Çok tanrılı dinsel inançlarda bile egemen tanrılar her zaman erkek olarak tasvir edildi. Zeus, Poseidon ve Hades gibi tanrılar ön planda tutulup kendilerine sınırsız güçler verilirken aslında her şeyin arkasında olan Athena, Afrodit ve Hera gibi kadın figürüne sahip olan tanrıçalara kısıtlanmış güçler verildi ve kendileri erkek tanrılar karşısında aciz bırakıldı. Çok gelişmiş olarak düşündüğümüz Antik Yunan ve Roma gibi uygarlıklarda bile kadının hakları çok kısıtlandı ve kadın hep geride bırakıldı.
Kadınlara okuma, seçme ve seçilme hakkı gibi birçok temel hak ve özgürlük verilmedi. Eğitim görmek isteyen kadınlar erkek kılığına girerek üniversitelere girebilmek gibi çözümlere bile başvurdu. Fikirlerini, düşüncelerini, iç dünyalarını yansıtmak isteyen kadın sanatçılar erkek isimleri kullanarak yazılarını, müziklerini, çizimlerini, eserlerini dünya ile paylaşmayı dahi denedi. Kadınların kendilerini geliştirmesi istenmedi ve engellendi, okuma ve yazma öğrenmelerine kadar birçok basit şeyler yasaklandı ve kendilerini geliştirebilmeyi başarmış olan kadınlar cadılıkla bile itham edilip canlı canlı yakılarak öldürüldü. Kadınlara sürekli olarak hayatlarında bir erkeğe ihtiyaçları olduğuna dair bir algı dayatıldı.
Zamanla birlikte kadınlar büyük mücadeleler ile eğitim hakkı kazandılar, büyük zorluklarla olsa da hak ettikleri bilim insanı, sanatçı gibi unvanlara kavuştular. Aile bütçesine yardımcı olabilmek için çalışma hayatına katılarak ekonomik özgürlüklerine kavuştular, çalışma hayatları boyunca önlerine atılan birçok engeli aşarak en üst pozisyonlara geldiler. Yıllarca mahrum tutuldukları spor aktivitelerinde en az erkekler kadar başarılı oldular ve bunların hepsini yaparken toplum tarafından kendilerine dayatılmış kadın figürünün görevlerini de ihmal etmeden yapmaya devam ettiler.
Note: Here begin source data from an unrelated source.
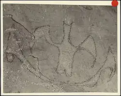 Charcoal drawings can be found on limestone rock shelters in the centre of the South Island, with over 500 sites in the South Island[2] stretching from Kaikōura to North Otago including at the Takiroa Rock Art Shelter. The drawings are estimated to be between 500 and 800 years old, and portray animals, humans and legendary creatures, possibly stylised reptiles.[3] Some of the birds pictured are extinct, including moa and Haast's eagles. They were drawn by Māori, but the meanings of the art is unknown.[4][5] The ink they were drawn with was recorded in the 1920s and included resin and gum from tree's including tarata, and either shark liver oil or weka fat.[5] There are preservation and restoration efforts being made including at 14 limestone caves and overhangs at Ōpihi in South Canterbury.[5] Rock art is also found in the North Island with 140 rock art sites listed with the New Zealand Archaeological Association.[6] Perry Fletchern, historical research consultant expects there believes there are more sites un-discovered on farm land. In general the difference between rock art is that in the North Island there are more carvings and abstract motifs the South Island has more drawings and more figurative forms.[6]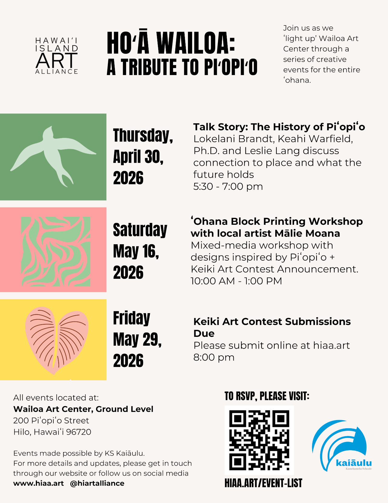 Insights from the Talk Story will inform and inspire an ‘Ohana Art Day on Saturday, May 16 from 10:00AM–1:00PM, featuring local artist and block printer Mālie Moana. Attendees are encouraged to bring items they would like to block print. The event is free and open to the public. During the May 16 event, HIAA will announce its Keiki Art Contest, encouraging original artworks inspired by the stories of Wailoa and the Pi‘opi‘o area.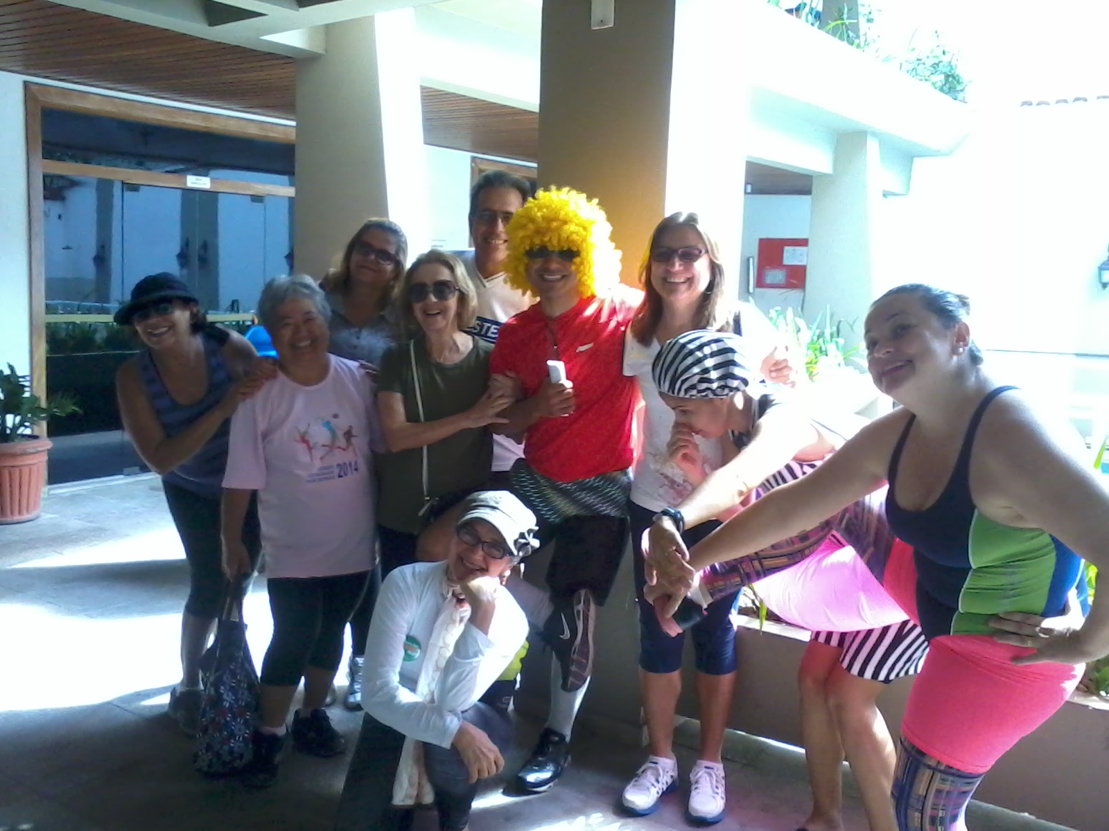 Em seguida, o professor convidou a todos que estavam com as faixas (selecionando grupos por cores), a se apresentarem na quadra, para uma sequência de "zumba", uma das muitas atividades que aconteceriam a partir daquele momento.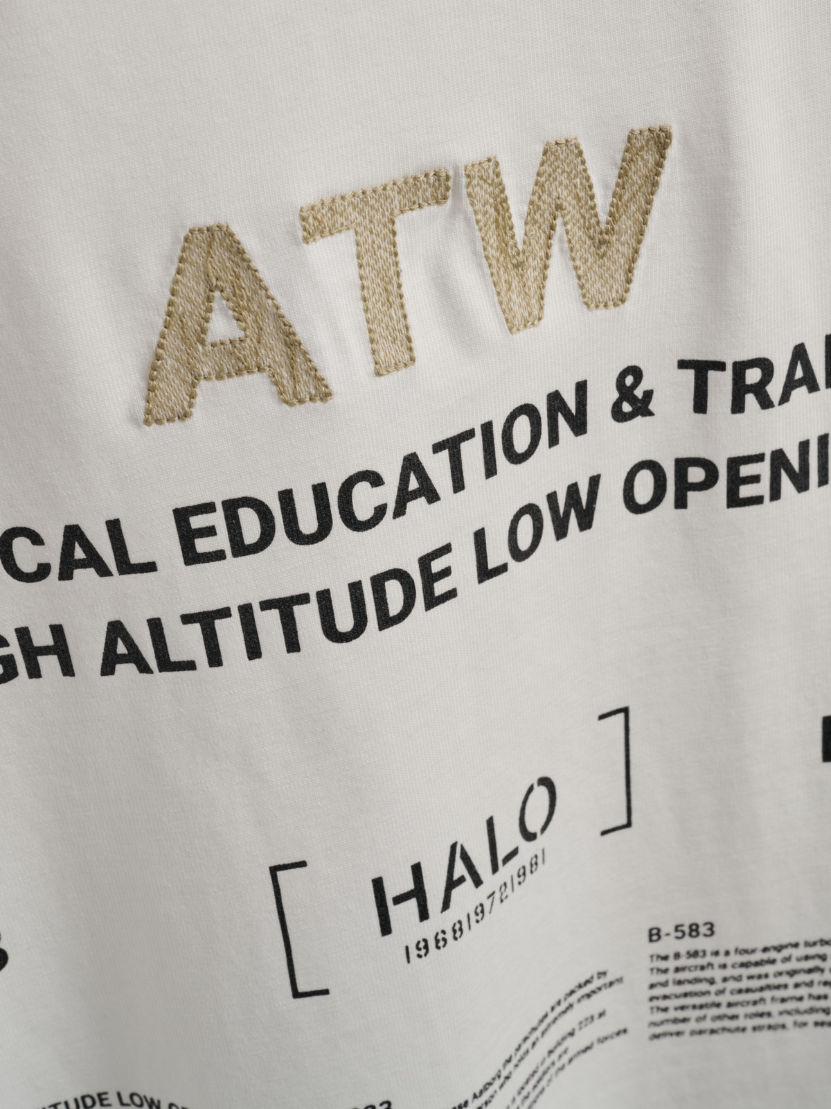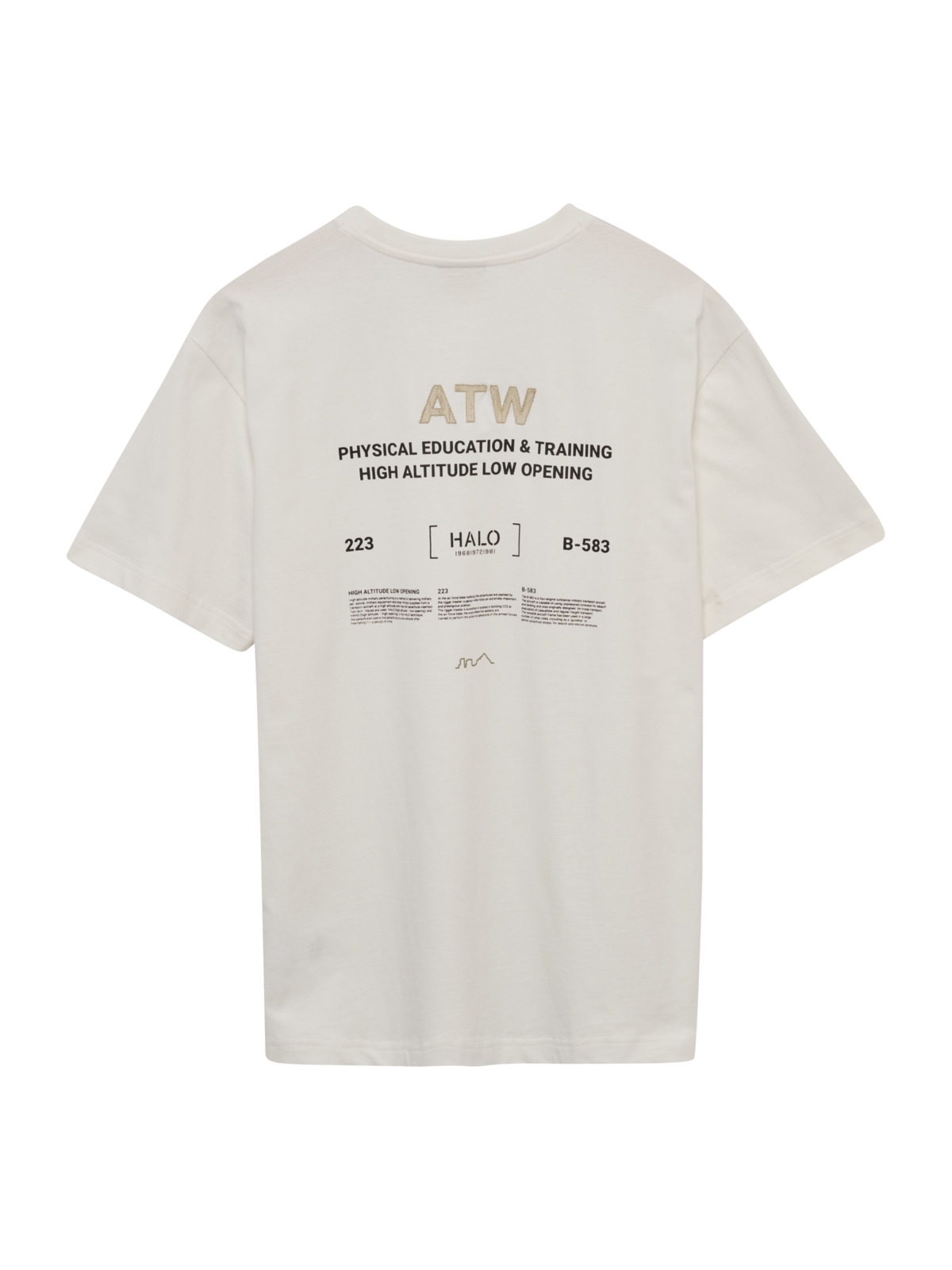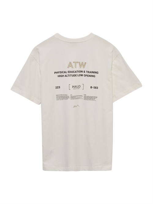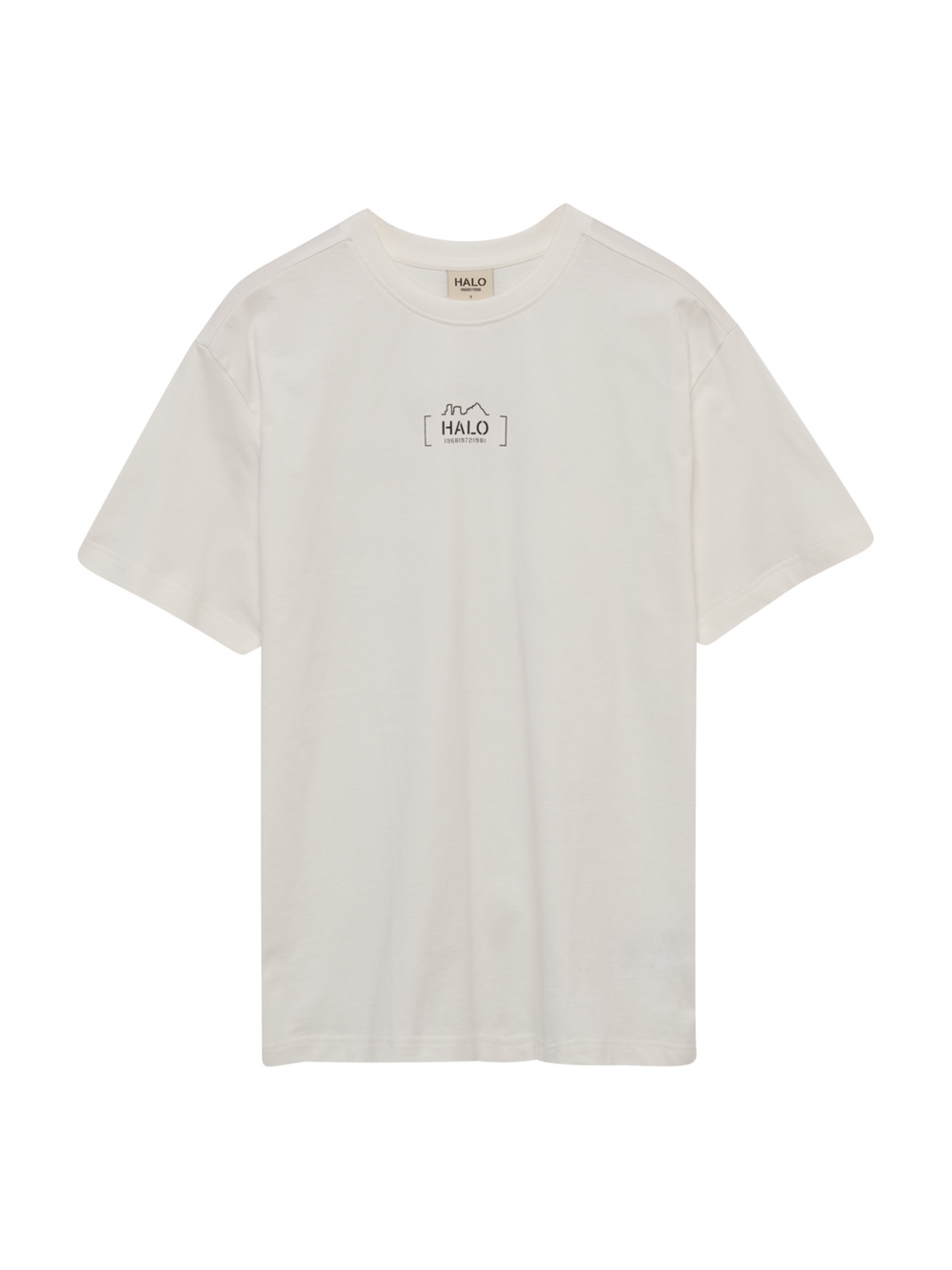 T-shirt fra HALO. T-shirten har rund hals og korte ærmer. Den har logo print på brystet og stort tryk på ryggen

Bir kadın yeri geldiğinde bir bilim insanı, yeri geldiğinde bir aşçı, yeri geldiğinde bir anne olabileceğini gösterdi.
Geçmişte yalnızca fiziksel üstünlüğü yüzünden erkeğe ihtiyacı olan kadının yaşam şartlarının değişmesiyle bu ihtiyaç tamamen ortadan kalktı. Kadın, eğitim ve ekonomik özgürlüğünü elde ederek zincirlerinden kurtuldu ve erkeğe ihtiyaç duymadan kendi ayakları üzerinde durabileceğini ispatladı. Kadının evlenmesi, bir erkek sayesinde hayatını sürdürmesi beklenirken kadın kendi bağımsızlığını kanıtladı. Belki de şu an toplumda ihtiyaç duyulan tek figür, her şeyi dengeleyebilen hem kariyerini sürdürüp hem ailesinin geçimini sağlayıp hem de ailesine bakabilen kadın haline geldi.